While there is ample evidence for plant uptake of metal and carbon-tube nanoparticles, little data exist on whether plastic nano- and microparticles are taken up by plant roots and distributed through the plant tissue. From germination experiments on filter papers, there is evidence that plastic particles can accumulate at seeds and root hairs and block pores,⁴⁰ and tobacco BY-2 cell cultures have shown uptake of 20 and 40 nm fluorescent, polystyrene spheres by endocytosis.¹⁸ However, whether plastic particles can be taken up by intact roots is not known.
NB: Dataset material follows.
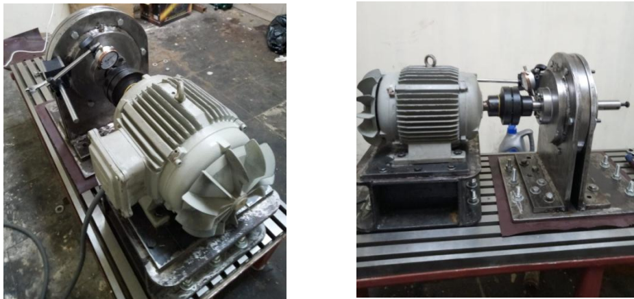
Figure 6: Alignment of connecting shafts of planetary gearbox

The gearbox has been connected to the electrical motor with a coupling, the alignment of the two shafts of motor and gearbox has been checked with a dial indicator as shown in Figure 6. The gearbox has been tested for rotating with variable speeds using tachometer. Experimental work has done to check the work of the gearbox and gear ratio

Here, we investigate the uptake and interaction of negatively charged, spherical, polystyrene micro- and nanoparticles with roots of Arabidopsis and wheat.

2 Materials and methods

2.1 Nano- and microspheres

Two different sizes of fluorescent, carboxylate-modified polystyrene nano- and microspheres were used: 40 nm and 1 μm diameter (ThermoFisher Scientific, USA). We hypothesized that the first (40 nm) could be taken up, and the second (1 μm) cannot based on plasmodesmata size on previous reports on nanoparticle uptake by roots. Excitation and emission wavelengths for the spheres were 505 and 515 nm, respectively. Characteristics of the polystyrene spheres are given in Table 1.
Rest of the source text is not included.